Location
- 100 Minutemen Drive Bedford, Virginia 24523

Information
- School type: Public, high school
- Founded: 1964
- Locale: Rural, Fringe
- School district: Bedford County Public Schools
- NCES District ID: 5100360
- Superintendent: Marc Bergin
- NCES School ID: 510036000151
- Principal: Justin Tucker
- Teaching staff: 54.40 (on an FTE basis)
- Grades: 9–12
- Enrollment: 708 (2024–25)
- Student to teacher ratio: 13.01
- Language: English
- Colors: Red, White and Navy Blue
- Mascot: Minutemen
- Feeder schools: Liberty Middle School
- District Schools: Jefferson Forest High School, Staunton River High School
- Athletic conferences: Dogwood District
- Website: https://bedfordlhs.sharpschool.net/

= Liberty High School (Bedford, Virginia) =

Liberty High School is one of the three high schools in Bedford County, Virginia. Liberty High School opened in 1964. Its mascot is the "Minuteman." School colors are red, white and navy blue. The school serves students from Villamont, Thaxton, Montvale, Big Island and Bedford. The principal of Liberty High School is Justin Tucker.

== History ==
In 1964, when smaller schools were consolidated into one, Liberty High School came into existence with William N. Lee at its head as principal.

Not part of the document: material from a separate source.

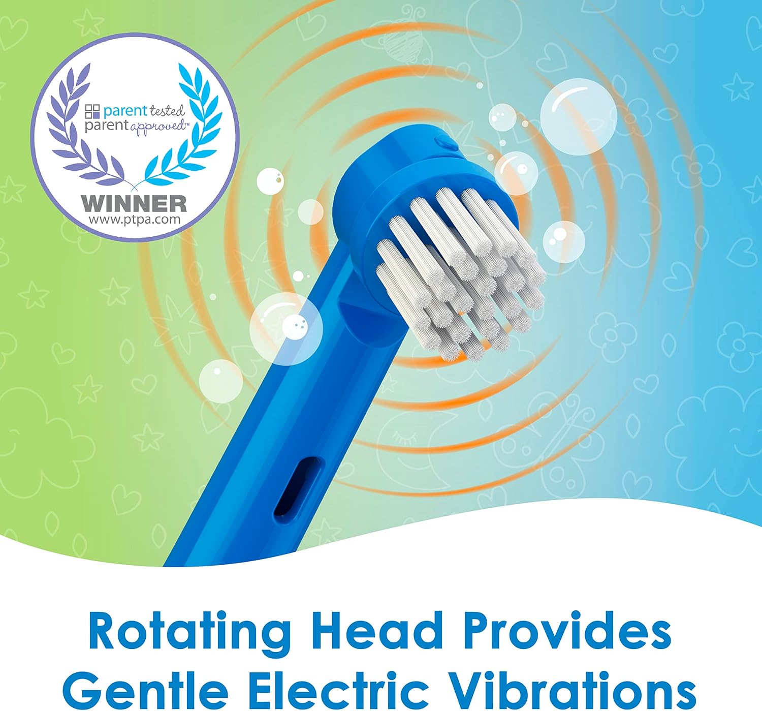 - What You Get: Battery-powered children’s toothbrush, animal-themed brush cover, replacement brush head, rinse cup, 2-minute sand timer, stand, user manual, printed brushing chart, and industry-leading 5 Year Manufacturer's Warranty.

Following the 2018-19 School Year, long-time principal. Kathy Dills retired for medical reasons. The assistant principal and principal positions have changed almost annually ever since.

== Student body ==
The 2009-2010 enrollment was 1,004 in grades 9–12. Racial makeup of the school is approx. 78% White, 21% Black, and 1% other.

== Academics ==
Approximately 80% of the students who go to LHS graduate. 52% of the 2004 graduates continued their formal education beyond high school. Liberty High School participates in an Early College program with Central Virginia Community College where students apply to receive their junior and senior classes at the college itself, thus earning them a two-year degree before they graduate high school. Several students also attend the Central Virginia Governor's School in Lynchburg, VA. In 2015, Glen Field received the Jefferson Scholarship, of which less than 2% of those nominated are selected.

== Athletics ==
Liberty competes in the Virginia High School League (VHSL) Class 2, Region C, Dogwood District. The school has won multiple VHSL state championships in team sports.

Team state championships

- Football, VHSL state champions (2002), setting a then-record 529 rushing yards in the championship game against New Kent High School
- Boys’ basketball, VHSL state champions (1995–96, 1996–97)
- Baseball, VHSL state champions (1977)
- Girls’ softball, VHSL state champions (2019)
- Liberty’s football program was ranked among the 19th best team of the decade in the State of Virginia by in 2008.